In the 1960s, the company completed nine acquisitions, including The Torrington
Company in 1968. In 1985, the Fafnir Bearing Division of Textron was purchased and merged with Torrington. Those acquisitions made Ingersoll-Rand (IR) the largest U.S. bearing manufacturer. Over the ensuing 20 years, IR continued in acquisition mode until, in 2002, the company consisted of four segments: Climate Control, Industrial Solutions, Infrastructure, and Security and Safety.
Climate Control segment This segment accounted for 25% of consolidated sales and 17% of income among all
segments (segment income). Climate Control produced transport temperature units and heating- ventilation and air-conditioning systems for trucks, buses, and passenger railcars.

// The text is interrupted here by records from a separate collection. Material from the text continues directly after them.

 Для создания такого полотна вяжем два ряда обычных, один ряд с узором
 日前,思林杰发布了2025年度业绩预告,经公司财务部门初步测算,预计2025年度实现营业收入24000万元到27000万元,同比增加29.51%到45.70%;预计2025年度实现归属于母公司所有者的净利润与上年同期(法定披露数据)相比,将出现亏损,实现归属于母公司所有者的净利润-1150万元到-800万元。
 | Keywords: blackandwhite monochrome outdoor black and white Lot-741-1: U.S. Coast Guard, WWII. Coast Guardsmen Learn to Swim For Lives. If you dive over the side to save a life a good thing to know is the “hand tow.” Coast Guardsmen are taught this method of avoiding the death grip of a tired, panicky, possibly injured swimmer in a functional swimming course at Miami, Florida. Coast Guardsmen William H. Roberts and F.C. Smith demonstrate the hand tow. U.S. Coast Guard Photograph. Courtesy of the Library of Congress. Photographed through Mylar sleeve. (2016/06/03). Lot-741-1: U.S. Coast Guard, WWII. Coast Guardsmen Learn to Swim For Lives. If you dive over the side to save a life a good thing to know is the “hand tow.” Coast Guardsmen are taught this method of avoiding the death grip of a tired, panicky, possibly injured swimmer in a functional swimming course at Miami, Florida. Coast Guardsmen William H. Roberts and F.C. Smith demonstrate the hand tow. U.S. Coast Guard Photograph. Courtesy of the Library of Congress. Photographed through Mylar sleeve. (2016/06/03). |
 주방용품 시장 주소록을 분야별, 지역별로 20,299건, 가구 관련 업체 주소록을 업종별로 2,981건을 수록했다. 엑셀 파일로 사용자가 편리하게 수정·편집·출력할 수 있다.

Infrastructure segment This segment accounted for 27% of consolidated sales and 28% of segment income.
Infrastructure produced equipment for the construction, renovation, and repair of public works and private projects, as well as golf carts and utility vehicles.
Security and Safety segment This segment accounted for 15% of consolidated sales and 43% of segment income.

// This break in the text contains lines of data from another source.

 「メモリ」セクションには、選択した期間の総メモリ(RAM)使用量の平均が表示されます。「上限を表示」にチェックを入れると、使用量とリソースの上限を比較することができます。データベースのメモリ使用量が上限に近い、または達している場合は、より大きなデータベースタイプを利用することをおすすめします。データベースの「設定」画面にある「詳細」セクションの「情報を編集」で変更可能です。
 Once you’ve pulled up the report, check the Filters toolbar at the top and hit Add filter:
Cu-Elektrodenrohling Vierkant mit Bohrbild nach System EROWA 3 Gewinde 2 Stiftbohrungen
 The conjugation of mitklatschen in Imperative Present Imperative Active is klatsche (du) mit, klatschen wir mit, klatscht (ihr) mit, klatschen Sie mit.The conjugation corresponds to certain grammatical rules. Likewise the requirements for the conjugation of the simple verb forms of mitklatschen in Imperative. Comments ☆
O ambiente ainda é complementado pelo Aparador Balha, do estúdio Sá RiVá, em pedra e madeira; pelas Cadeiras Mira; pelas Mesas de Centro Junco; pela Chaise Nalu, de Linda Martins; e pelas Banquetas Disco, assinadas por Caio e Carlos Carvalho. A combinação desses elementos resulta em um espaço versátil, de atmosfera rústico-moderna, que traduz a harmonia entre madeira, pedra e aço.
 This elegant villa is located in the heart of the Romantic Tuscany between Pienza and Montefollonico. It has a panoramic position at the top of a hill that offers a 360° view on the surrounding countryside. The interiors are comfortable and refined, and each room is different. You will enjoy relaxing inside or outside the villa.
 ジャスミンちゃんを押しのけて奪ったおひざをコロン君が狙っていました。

Security and Safety produced a broad array of commercial and residential security and safety products, including steel doors, electronic-access control systems, and personnel-attendance systems.

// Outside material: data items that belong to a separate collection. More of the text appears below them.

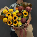 - Buket Avtorskij Solnishko hrizantemi podsolnuh
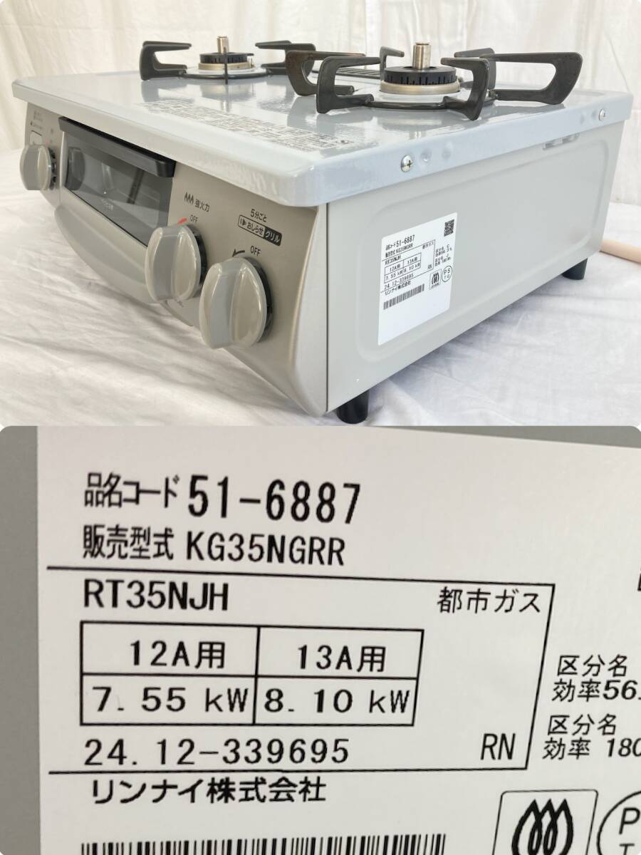 ※土日は不定休の為、ご対応が遅れる可能性がございます。 ※送料連絡は休日明けに順次ご対応させていただきます。 ■品名■ 【JN14】Rinnai ガスコンロ ガステーブル RT35NJH KG35NGRR 都市ガス 2024年製 右強火 ガスホース付き スカイグレー 通電火花OK 現状品 【発送サイズ】 ・佐川急便 宮城県より [160] サイズ ■型番■ RT35NJH KG35NGRR 〈付属品〉 写真にあるもの全てでございます。 ガスホース付き 乾電池は付属しません。 ※付属品はおまけとしてお付けします。不具合等あっても返品交換等出来ません。 ※購入時にあっても、現状無い物もあるかと思います。画像にある物が全てです。 ■詳細■ 譲り受けた中古品です。 落とし切れない汚れやスレございますが比較的綺麗な状態かと思われます。 都市ガス・右強火となります。 連続放電=バーナー部分から着火の火花が連続して出ることのみ、確認しました。 長時間の動作確認・全機能のチェックはしておりません。 現状品とご理解の上でご入札ください。 《製品仕様》 質量(kg):7.5 * 外形寸法(mm):高さ218x幅560x奥行446 * グリル庫内寸法(mm):高さ67x幅233x奥行323 * トッププレート寸法(mm):高さ180x幅560x奥行3923 * グリル焼網寸法(mm):幅208x奥行302 * 点火方式:回転式、連続スパーク点火 * 生産ガス種:LPG * 設置タイプ:据え置き * 強バーナー位置:右 * トッププレート材質:クリスタルコート * ゴトク種類:汁受け皿なし(汁受けレス) * ガス種類:プロパンガス * コンロ口数:2 口 * グリル種類:水無し片面焼き ※製品サイトより抜粋しました。 出品にあたり簡易清掃を施しましたが、取りきれない汚れやキズ等がございます。 全ては写し切れておりませんが、画像にてご判断の上ご入札願います。 中古品ですので、神経質な方、新品同様をお探しの方の入札はお断り致します。 基本的にノークレーム、ノーリターン、ノーキャンセルでお願い致します。 ※万が一不具合等がございましたら、詳細を確認したいので一度ご相談ください。 | ||||
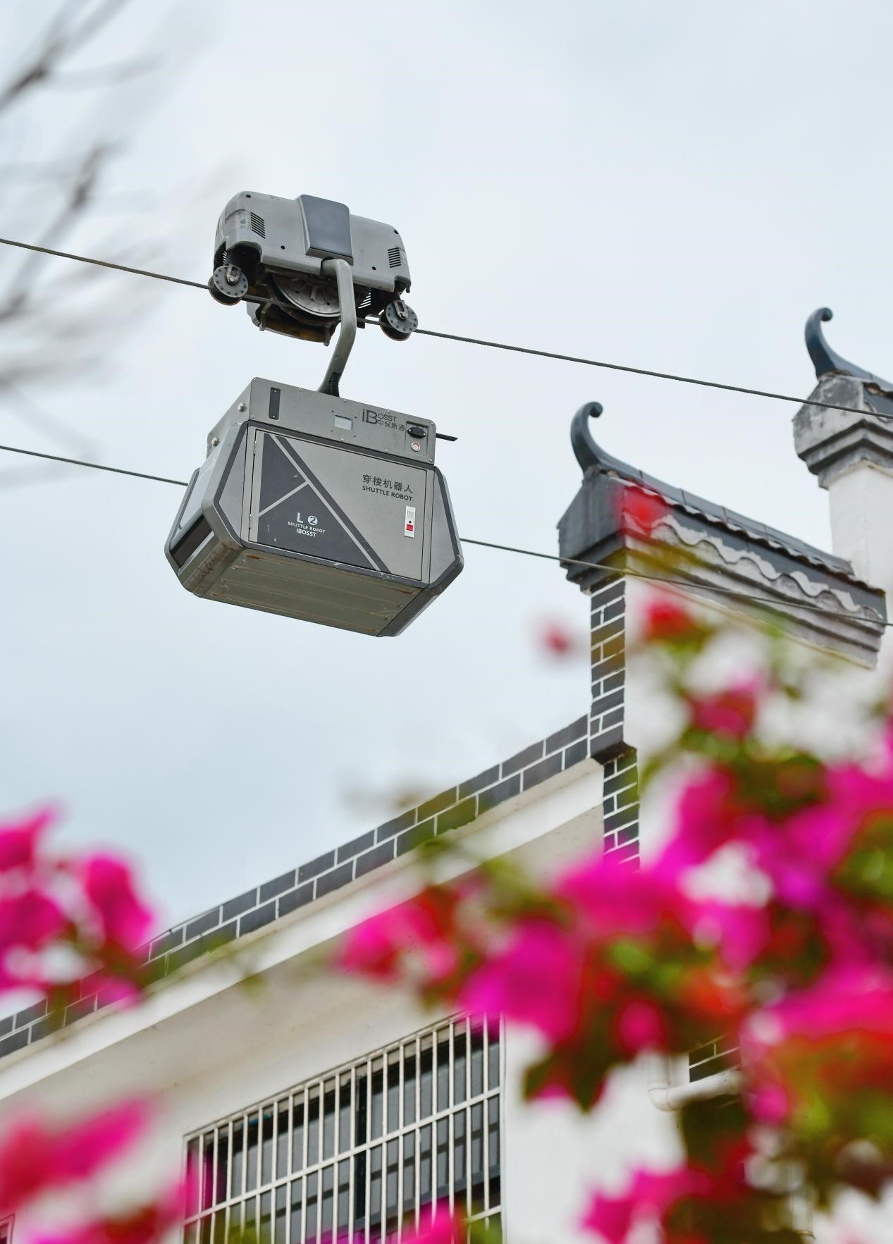 An intelligent express delivery robot runs on a cable in Anyuan county, Ganzhou, east China's Jiangxi province, carrying agricultural produce, April 14, 2022. (People's Daily Online/Zhu Haipeng)
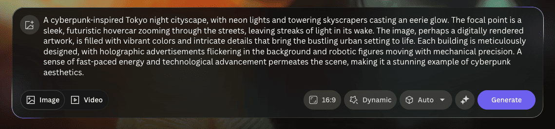 Text to ImageとPrompt Generation 代表的な機能である「Text to Image(テキストからの画像生成)」は、プロンプトを入力するだけで圧倒的なクオリティのビジュアルを作成できます。
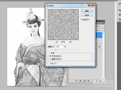 为图层1副本添加矢量蒙版,执行滤镜-杂色-添加杂色号令,设置数目为110%,勾选平均分布,点击确定。
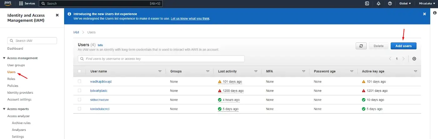 Step 2: Click on the Users (under Access Management) in the sidebar on the left, then click on the Add users button to the right.
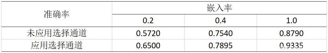 为了更好地查看选择通道的性能,本文在自适应隐写算法WOW的三个嵌入率0.2、0.4和1.0下查看应用选择通道和未应用选择通道的隐写分析算法准确率,结果如下表所示。
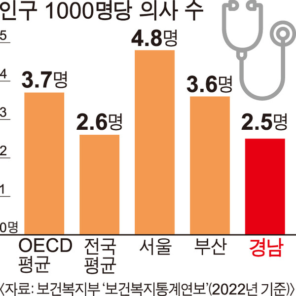 경남을 비롯한 전국의 비수도권 지역이 공공의료 부족에 시달리고 있다. 지난해 기준 경남 18개 시군에 부족한 공중보건의는 50여 명에 이른다. 경남 의사 수도 인구 1000명당 2.5명으로 서울(4.8명)의 절반이다.

Industrial Solutions segment This segment accounted for 33% of consolidated sales and 22% of segment income. A
group of diverse businesses, Industrial Solutions was divided into three major subsegments: Air Solutions, Engineered Solutions, and Dresdner-Rand. Air Solutions made such products as motion-control components, gas and other compressors, and fluid products. In 2002, Air Solutions reported revenues of $1.3 billion. Engineered Solutions, with sales of $1.2 billion, comprised IR’s worldwide operations relating to precision bearings and motion-control components. Dresdner-Rand, with sales of $1.024 billion, produced energy-conversion technology for the oil, gas, and chemical industries.